Post-Regalloc Output Format (sub_ABBA50 clones)
Emitted after scheduling by SM-variant clones dispatched via vtable. Same # prefix. Differs from the pre-regalloc format in three ways:
- No commas between bracket groups
- SpillSize replaces
LowLmemSpillSize+FrameLmemSpillSize - Hardware pipe names replace abstract unit names; MMA variant breakdown added
The unique lines (lines shared with pre-regalloc use the same structure minus commas):
# [est latency = %d] [LSpillB=%d] [LRefillB=%d] [SSpillB=%d] [SRefillB=%d] [SpillSize=%d]
# [LNonSpillB=%d] [LNonRefillB=%d] [NonSpillSize=%d]
# [Occupancy = %f] [est numDivergentBranches=%d] [attributeMemUsage=%d] [programSize=%d]
# [est adu=%d] [est alu=%d] [est cbu=%d] [est fma2x=%d] [est fma=%d] [est half=%d]
# [est trancedental=%d] [est ipa=%d] [est lsu=%d] [est redux=%d]

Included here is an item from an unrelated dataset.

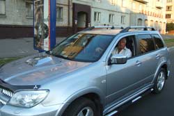 Якийсь час ми нудимося від прикрощів, що ніяк не вдається знайти припаркований “танк”, себто – джип. Натомість раптом бачимо щось подібне – новеньке сріблястого кольору з логотипом Micubishy. І за кермом сидить … не повірите!!! Вічний революціонер Валентин Стасюк. Який скаржиться, що його дорогу покупку невиправдано часто обговорюють на кожному кроці. Цього ж разу здалося, що відомий громадськості депутат кількох скликань ніби чекав, коли ми натрапимо на нього і саме для цього припаркувався на центральній площі. Пан Стасюк побурчав, звичайно, що журналісти його підстерігають на кожному кроці і запевнив, що свого Out-Lander’а не вважає крутим. На першу зарплату Стасюка, за його словами, гуляв весь відділ, куди він влаштувався. На те, що залишилося, молодий заробітчанин купив подарунки батькам і організував святкову сімейну вечерю. “Я 40 років працював інженером-конструктором, щоб купити цей автомобіль, – проголосив Валентин Володимирович, – І батьки – 100 років. Залишили мені свої заощадження. Цікавіше дізнатися, як 20-річні змогли придбати собі дорогі авто!” Далі було щось традиційно-революційне про те, що наш герой не зважаючи на своє крісло керівника апарату ради не продасться нікому. А у дзеркалі вікон Micubishy символічно відбивалася будівля мерії…

# [est schedDisp=%d] [est tex=%d] [est ttu=%d] [est udp=%d]
# [est imma16816=%d] [est imma16832=%d] [est immaSp8832=%d] [est immaSp16832=%d]

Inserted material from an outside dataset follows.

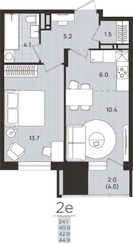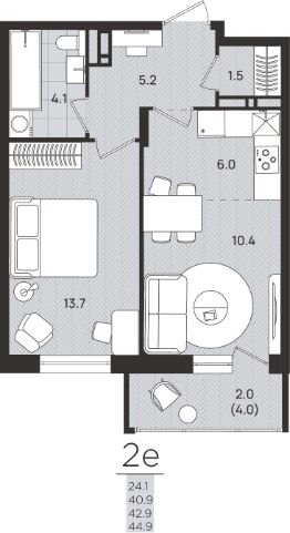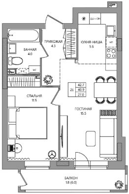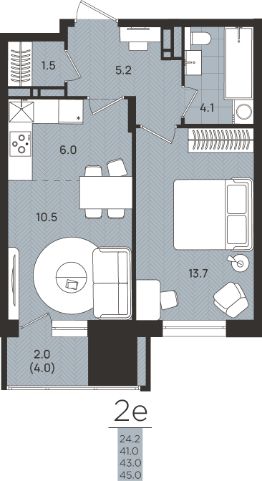 43 м2

# [est dmma=%d] [est fma64=%d] [est hmma16816=%d] [est hmma16816f16=%d]
# [est hmma1688=%d] [est hmma1688f16=%d] [est hmmaSp1688=%d] [est hmmaSp1688f16=%d]
# [issue thru=%f] [adu thru=%f] [alu thru=%f] [cbu thru=%f] [fma2x thru=%f] [fma thru=%f]
# [trancedental thru=%f] [ipa thru=%f] [lsu thru=%f] [redux thru=%f]
# [schedDisp thru=%f] [tex thru=%f] [ttu thru=%f] [udp thru=%f]
# [imma16816 thru=%f] [imma16832 thru=%f] [immaSp8832 thru=%f] [immaSp16832 thru=%f]
# [dmma thru=%f] [fma64 thru=%f] [hmma16816 thru=%f] [hmma16816f16 thru=%f]
# [hmma1688 thru=%f] [hmma1688f16 thru=%f] [hmmaSp1688 thru=%f] [hmmaSp1688f16 thru=%f]
# [reg thru=%f] [warp thru=%f]
Hardware Pipe Name Mapping
The post-regalloc format maps abstract functional unit names to hardware execution pipe identifiers:
| Post-Regalloc Pipe | Pre-Regalloc Equivalent | Description |
|---|---|---|
adu | -- | Address Divergence Unit (address computation) |
alu | fp | Arithmetic Logic Unit (integer + FP32 combined) |
cbu | controlFlow | Control/Branch Unit (branch, exit, barrier) |
fma2x | -- | Double-precision FMA (separate pipe on sm_80+) |
fma | fp | Fused Multiply-Add (FP32) |
half | half | FP16 operations |
lsu | loadStore + shared | Load/Store Unit (unified) |
redux | -- | Reduction Unit (warp-level reductions) |
schedDisp | -- | Scheduler Dispatch (internal overhead) |
tex | tex | Texture Unit |
ttu | -- | Tensor Texture Unit (Ada Lovelace+) |
udp | -- | Uniform Data Path operations |
Binary-Embedded Statistics Record (sub_A4B8F0)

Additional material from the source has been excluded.